Image segmentation leads directly to partial or complete object surface segments. Surface completion processes (Chapter 4) reconstruct obscured portions of surfaces, when possible, by connecting extrapolated surface boundaries behind obscuring surfaces. The advantage of this is twofold: it provides data surfaces more like the original object surface for property extraction and gives better image evidence during hypothesis construction. Two processes are used for completing surface hypotheses. The first bridges gaps in single surfaces and the second links two separated surface patches. Merged surface segments must have roughly the same depth, orientation and surface characterization. Because the reconstruction is based on three dimensional surface image data, it is more reliable than previous work that used only two dimensional image boundaries. Figure 1.7 illustrates both rules in showing the original and reconstructed robot upper arm large surface from the test image.
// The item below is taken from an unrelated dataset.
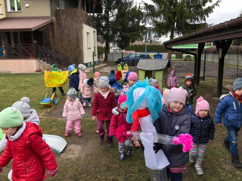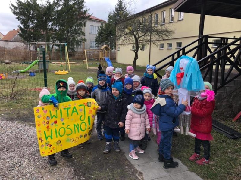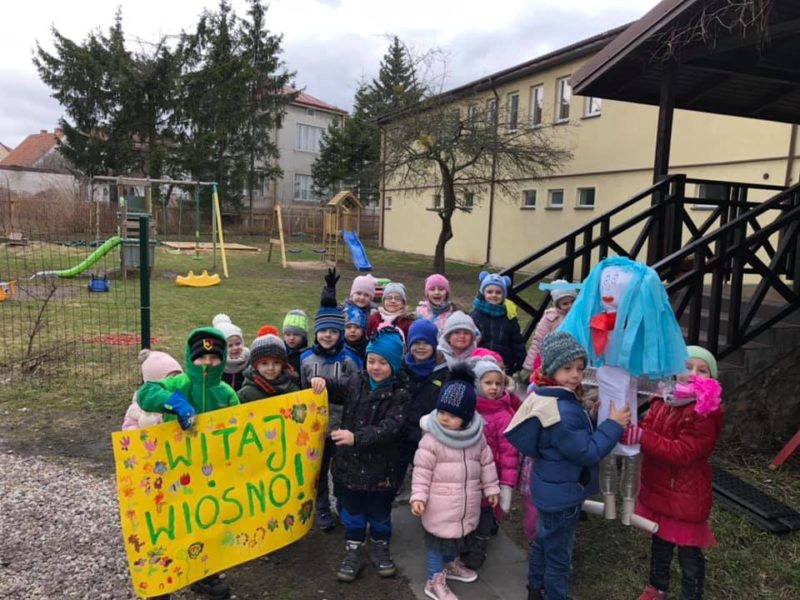 21 marca pożegnaliśmy oficjalnie zimę! Marzanna „odleciała” razem z zimnym i nieprzyjemnym wiatrem i dzięki temu sprowadziła do nas słońce i piękną pogodę. Dzieci wykonały kolorowy plakat na uroczyste powitanie nowej pory roku – Wiosny. Jesteśmy pewni, że głośno śpiewane piosenki usłyszała Pani Wiosna i nie pozwoli już wrócić zimie.

**Figure 1.7:** *Original and Reconstructed Robot Upper Arm Surface*
$\begin{figure}\epsfysize =7in \epsfbox{FIGURES/Fig1.7.ps}\end{figure}$

Surface hypotheses are joined to form surface clusters, which are blob-like three dimensional object-centered representations (Chapter 5). The goal of this process is to partition the scene into a set of three dimensional solids, without yet knowing their identities. Surface clusters are useful (here) for aggregating image features into contexts for model invocation and matching. They would also be useful for tasks where identity is not necessary, such as collision avoidance.

A surface cluster is formed by finding closed loops of isolating boundary segments. The goal of this process is to create a blob-like solid that encompasses all and only the features associated with a single object. This strengthens the evidence accumulation used in model invocation and limits combinatorial matching during hypothesis construction. Obscuring and concave surface orientation discontinuity boundaries generally isolate solids, but an exception is for laminar objects, where the obscuring boundary across the front lip of the trash can (Figure 1.8) does not isolate the surfaces. These criteria determine the primitive surface clusters. A hierarchy of larger surface clusters are formed from equivalent depth and depth merged surface clusters, based on depth ordering relationships. They become larger contexts within which partially self-obscured structure or subcomponents can be found. Figure 1.8 shows some of the primitive surface clusters for the test scene. The clusters correspond directly to primitive model ASSEMBLYs (which represent complete object models).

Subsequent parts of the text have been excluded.